My kids, who have never lived in a world without microwave ovens, might be excused for believing that anything more than three-and-a-half minutes is an eternity to wait for food. All of the prep work for food is done somewhere else, and all that’s left to be done is to take the carton from the box, set the timer, and wait a couple of minutes. Anything more than that is beyond comprehension to them.
That sort of mindset seems to have spilled over into sporting goods, as well. The sporting goods store itself is a thing of the past, with places like Wal-Mart and Target being the place to go for sporting goods today. This evening I was in a Target store with my teenager, wandering the aisles looking for a few things, when I came upon a by-product of the microwave mentality. I knew that I had to say a few words about it here. That’s why I do this, after all.
I was walking past a sporting goods aisle (there are two or three in the store) when I noticed their baseball gloves. I picked out a Rawlings model (left-handed, of course) and tried it on my hand. It was indicated as being for 7-9 year olds, which is about how old I was when I got my first glove. And this glove was black, too, just the way mine used to be when I was a kid. But there was a big difference between the glove on my hand in the picture above (I’m on the left, in the catching position) and the glove that was on my hand this evening in Target.
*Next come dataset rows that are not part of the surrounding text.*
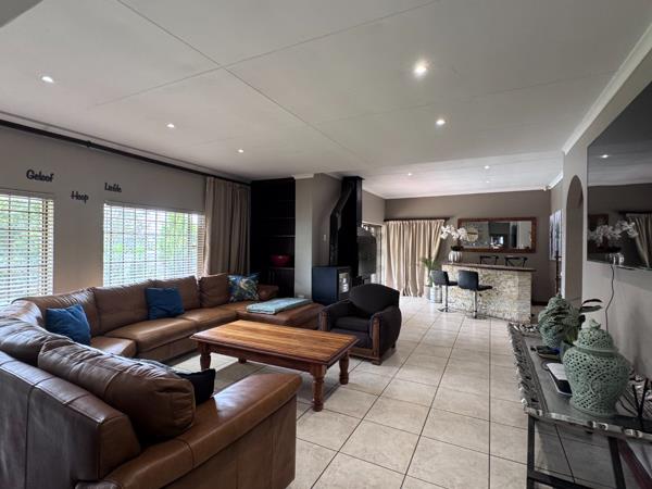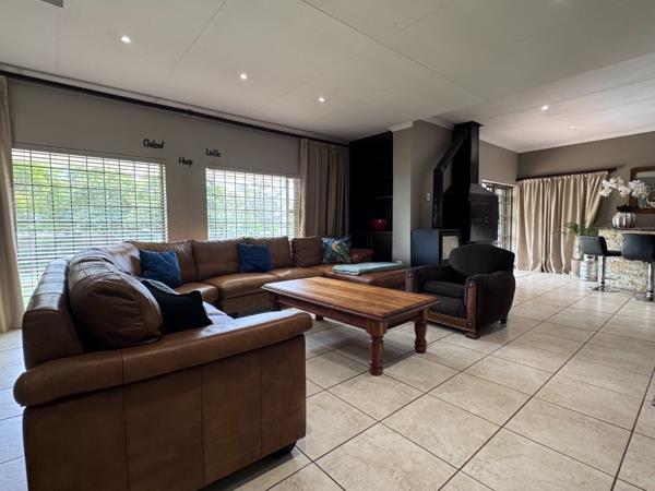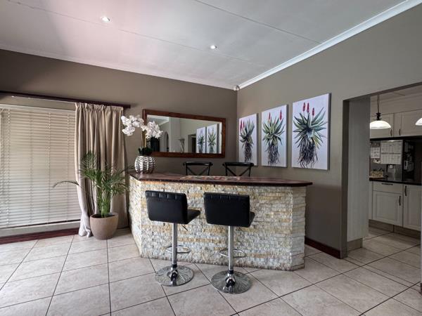 As you enter the home, you are welcomed into living areas that include a comfortable TV room, a dining area, and a dedicated bar space, all designed for relaxed family living and entertaining. The home also features underfloor heating and a built-in braai, creating a warm and inviting atmosphere throughout.
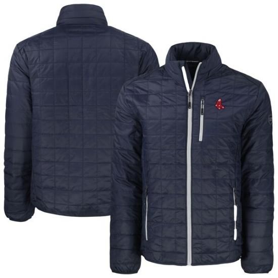 ボストン・レッドソックス Cutter &Buck ビッグ & トール レインier PrimaLオブtR Eco 保冷 フル-ジップ パーカー パフer ジャケット - ネイビーは、メジャーリーグ公認のMLBグッズです。
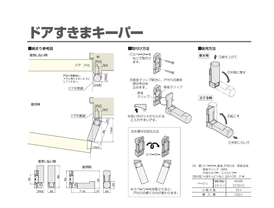 ●ドア戸先側の枠に取付けます。風等の外力で勢いよくドアが閉まろうとしても、ドアと枠の間に隙間ができるので、指をはさむ危険を抑止できます。」 ※離島・沖縄・北海道・個人様へは別途送料かかります予めご了承ください。 (送料お見積もりとなります)
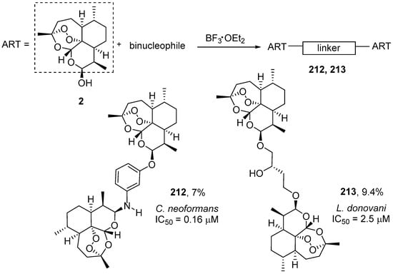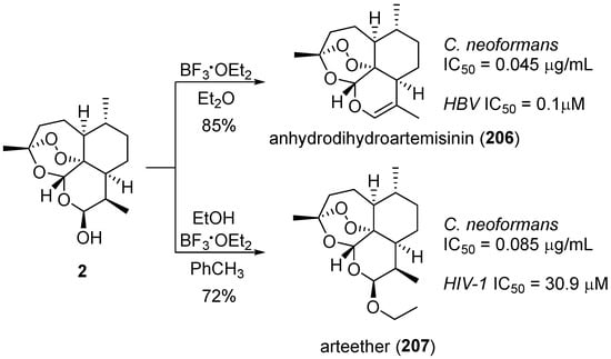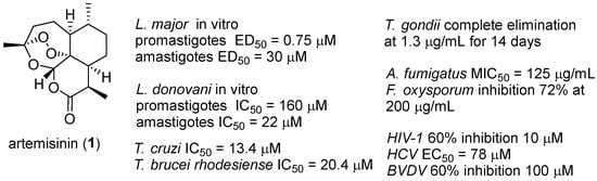- Galal, A.M.; Ross, S.A.; Jacob, M.; ElSohly, M.A. Antifungal activity of artemisinin derivatives. J. Nat. Prod. 2005, 68, 1274–1276. [Google Scholar] [CrossRef] [PubMed]
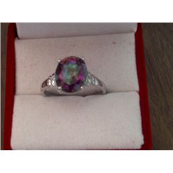 RING - 3.6CT OVAL FACETTED PINK PURPLE GREEN MYSTIC TOPAZ & 2 ROUND FACETTED ACCENT SHOULDER DIAMONDS IN STAMPED 925 STERLING SILVER SETTING - P...

The difference was that the glove on my hand was described as being “game ready,” which is a term for a glove that’s already broken in. My glove, and the glove of my friend Scott in the picture, and the glove of every young kid in the 1970s, didn’t come in “game ready” condition. It came stiff and uncomfortable. There was one way to have a game ready glove, and that’s what we were doing in the picture.
We played catch in the back yard. We also played on baseball teams (but different ones, because I’m a year older than he is), and we played “hotbox” a lot, too. You basically had two players with their goves on, guarding two bases, and a runner trying to reach one base or the other safely. It was hours of fun for baseball-playing youth who didn’t have video games to distract them. Or sometimes, when it was dark outside and playing baseball wasn’t an option, I worked my glove by essentially pounding the ball with my left hand into the glove on my right hand. It was like playing catch with myself, really.
The payoff, after about a year or so of playing baseball all the time, was a glove that was properly broken in. That’s a lot better than “game ready,” in my mind, because an attachment to something was formed along the way. And a kid today, assuming he wants to play baseball in the first place, doesn’t have to break his glove in anymore. He can just skip the trouble and get a “game ready” model, instead. But he’s missing out on something by doing it this way, even if he doesn’t know what that something is.
This sounds like me being a humbug. And, truth be told, I love my microwave just as much as the next person does. But breaking in my baseball glove was a corner that I didn’t cut, and all these years later, I’m happy that it turned out that way.